Problem to work on:
Write out the material below again, line for line, without any images.

Data:
※

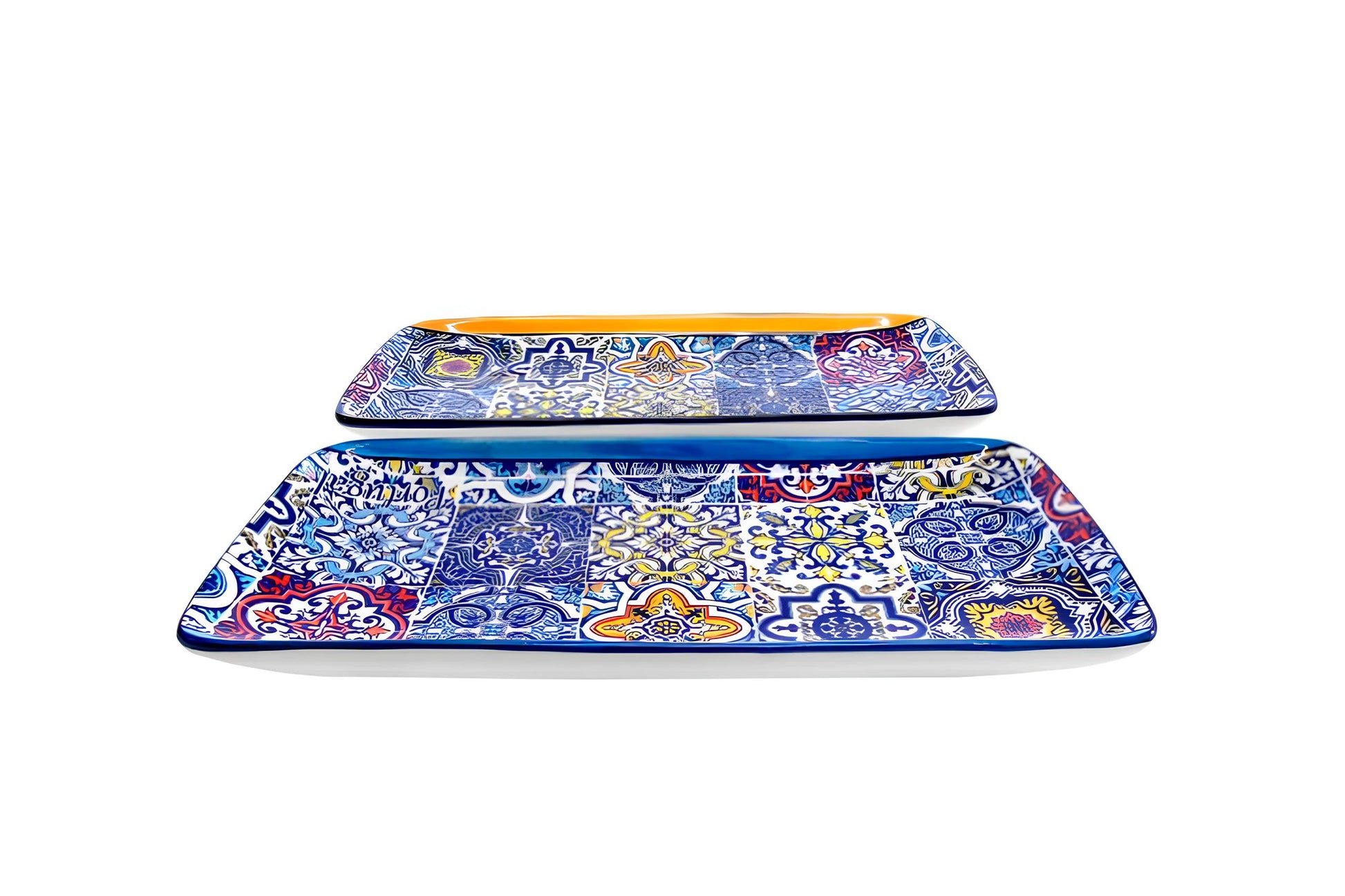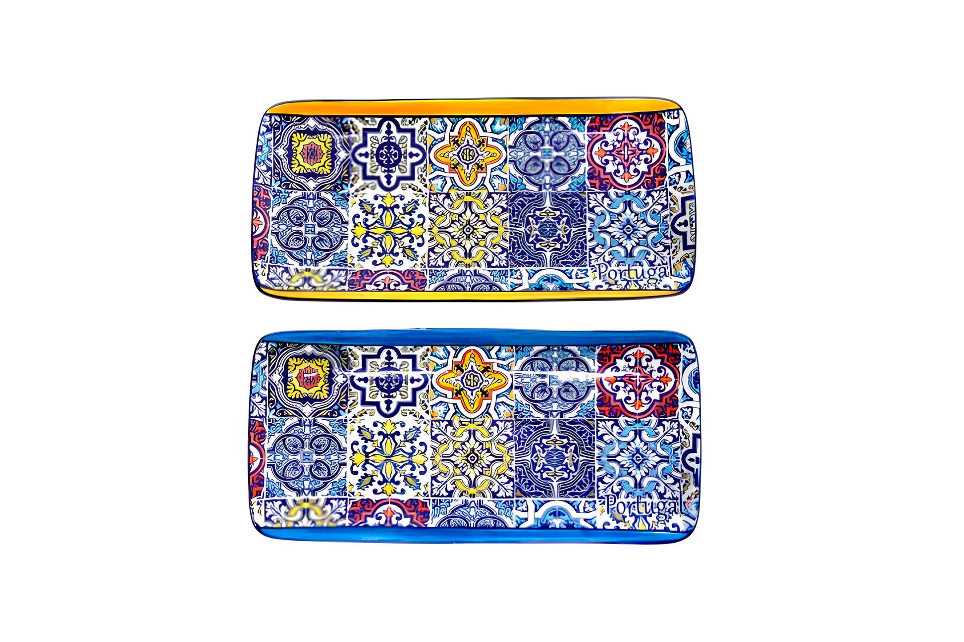 Inspirada nos tradicionais azulejos portugueses, este tabuleiro retangular em cerâmica combina arte e funcionalidade. Com um design colorido e detalhado, é ideal para servir entradas, sobremesas ou até como peça decorativa.
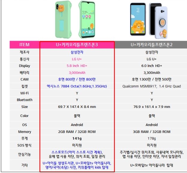 카카오프렌즈 키즈폰3 구입. 첫째의 첫 휴대폰. 등교 개학 대비
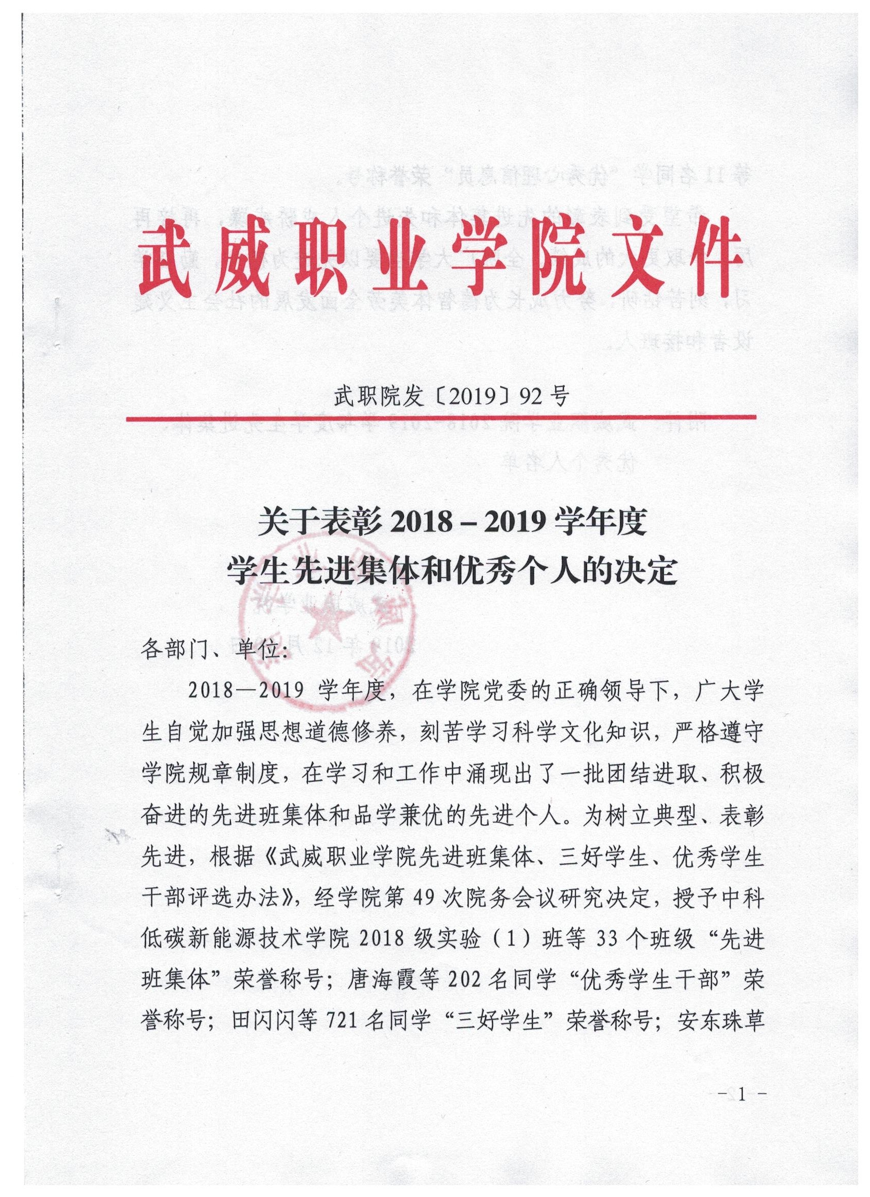 關于表彰2018-2019學年度學生先進集體和優(yōu)秀個人的決定
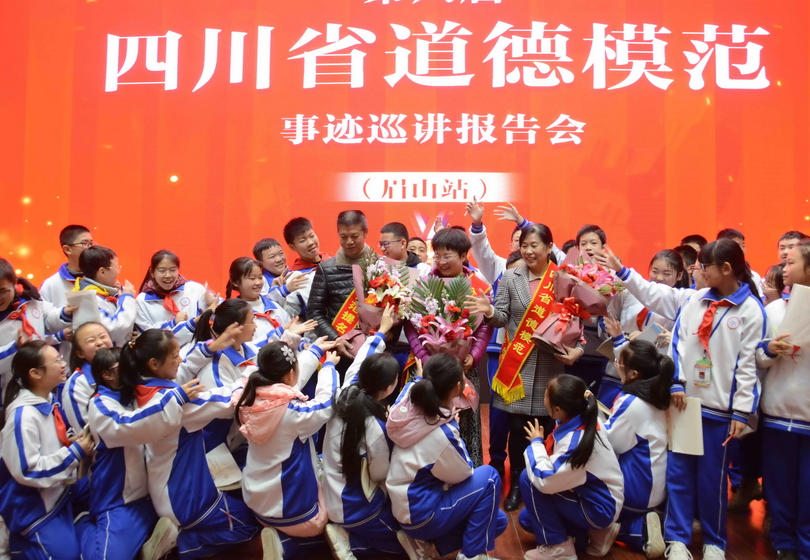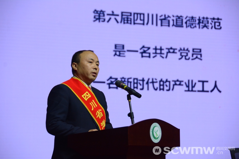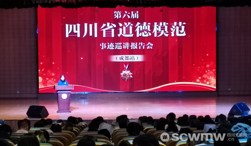 11月18日上午,第六届四川省道德模范事迹巡讲报告会首场巡讲在成都师范学院鱼凫音乐厅举行。

※

Your response:
 Inspirada nos tradicionais azulejos portugueses, este tabuleiro retangular em cerâmica combina arte e funcionalidade. Com um design colorido e detalhado, é ideal para servir entradas, sobremesas ou até como peça decorativa.
 카카오프렌즈 키즈폰3 구입. 첫째의 첫 휴대폰. 등교 개학 대비
 關于表彰2018-2019學年度學生先進集體和優(yōu)秀個人的決定
 11月18日上午,第六届四川省道德模范事迹巡讲报告会首场巡讲在成都师范学院鱼凫音乐厅举行。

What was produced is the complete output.